# Task brief
Reproduce every line of the material below exactly. No pictures belong in the copy.

# Working data
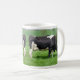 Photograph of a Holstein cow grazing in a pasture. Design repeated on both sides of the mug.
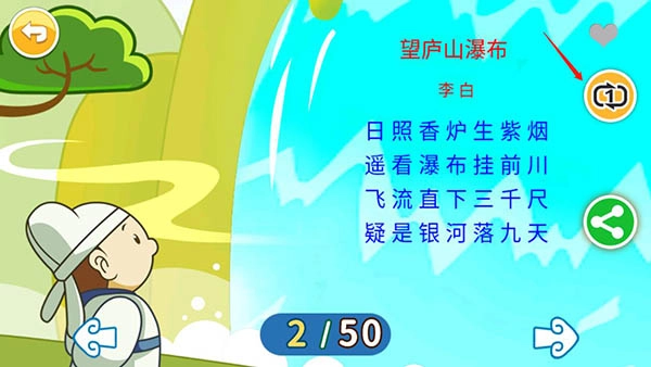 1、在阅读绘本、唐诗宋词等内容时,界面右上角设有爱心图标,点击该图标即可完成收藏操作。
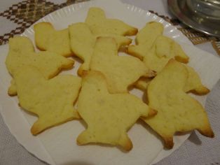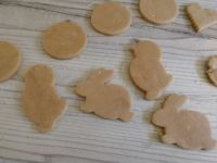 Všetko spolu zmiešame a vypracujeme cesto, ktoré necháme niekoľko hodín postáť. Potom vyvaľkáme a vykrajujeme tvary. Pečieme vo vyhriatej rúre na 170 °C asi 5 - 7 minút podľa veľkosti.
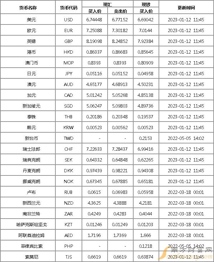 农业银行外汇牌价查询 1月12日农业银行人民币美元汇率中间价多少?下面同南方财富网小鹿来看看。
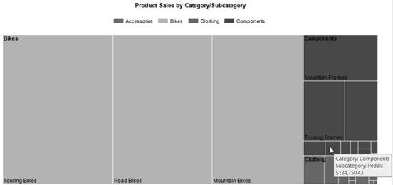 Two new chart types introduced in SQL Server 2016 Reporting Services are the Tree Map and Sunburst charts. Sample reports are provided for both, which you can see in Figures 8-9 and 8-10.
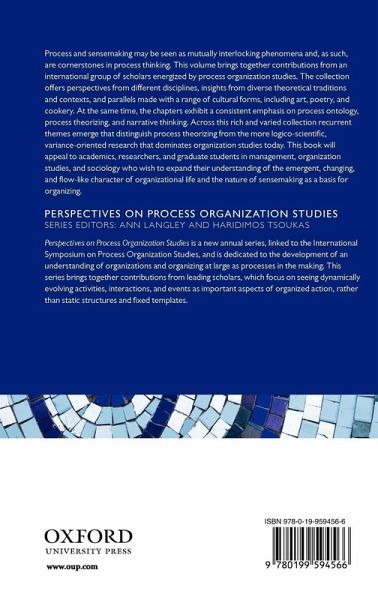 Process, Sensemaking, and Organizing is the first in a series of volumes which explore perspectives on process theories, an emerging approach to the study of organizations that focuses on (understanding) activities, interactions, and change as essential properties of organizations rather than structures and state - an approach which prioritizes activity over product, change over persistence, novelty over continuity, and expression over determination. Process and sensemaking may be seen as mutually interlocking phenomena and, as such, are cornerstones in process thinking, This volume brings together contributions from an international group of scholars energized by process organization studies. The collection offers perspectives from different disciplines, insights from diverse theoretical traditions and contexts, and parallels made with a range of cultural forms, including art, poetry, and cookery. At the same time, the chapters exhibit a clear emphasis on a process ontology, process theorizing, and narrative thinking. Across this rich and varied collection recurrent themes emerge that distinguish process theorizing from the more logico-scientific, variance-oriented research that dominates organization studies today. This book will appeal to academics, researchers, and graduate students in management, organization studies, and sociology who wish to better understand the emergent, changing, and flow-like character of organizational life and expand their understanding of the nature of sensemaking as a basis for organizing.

# Exercise response
 Photograph of a Holstein cow grazing in a pasture. Design repeated on both sides of the mug.
 1、在阅读绘本、唐诗宋词等内容时,界面右上角设有爱心图标,点击该图标即可完成收藏操作。
 Všetko spolu zmiešame a vypracujeme cesto, ktoré necháme niekoľko hodín postáť. Potom vyvaľkáme a vykrajujeme tvary. Pečieme vo vyhriatej rúre na 170 °C asi 5 - 7 minút podľa veľkosti.
 农业银行外汇牌价查询 1月12日农业银行人民币美元汇率中间价多少?下面同南方财富网小鹿来看看。
 Two new chart types introduced in SQL Server 2016 Reporting Services are the Tree Map and Sunburst charts. Sample reports are provided for both, which you can see in Figures 8-9 and 8-10.
 Process, Sensemaking, and Organizing is the first in a series of volumes which explore perspectives on process theories, an emerging approach to the study of organizations that focuses on (understanding) activities, interactions, and change as essential properties of organizations rather than structures and state - an approach which prioritizes activity over product, change over persistence, novelty over continuity, and expression over determination. Process and sensemaking may be seen as mutually interlocking phenomena and, as such, are cornerstones in process thinking, This volume brings together contributions from an international group of scholars energized by process organization studies. The collection offers perspectives from different disciplines, insights from diverse theoretical traditions and contexts, and parallels made with a range of cultural forms, including art, poetry, and cookery. At the same time, the chapters exhibit a clear emphasis on a process ontology, process theorizing, and narrative thinking. Across this rich and varied collection recurrent themes emerge that distinguish process theorizing from the more logico-scientific, variance-oriented research that dominates organization studies today. This book will appeal to academics, researchers, and graduate students in management, organization studies, and sociology who wish to better understand the emergent, changing, and flow-like character of organizational life and expand their understanding of the nature of sensemaking as a basis for organizing.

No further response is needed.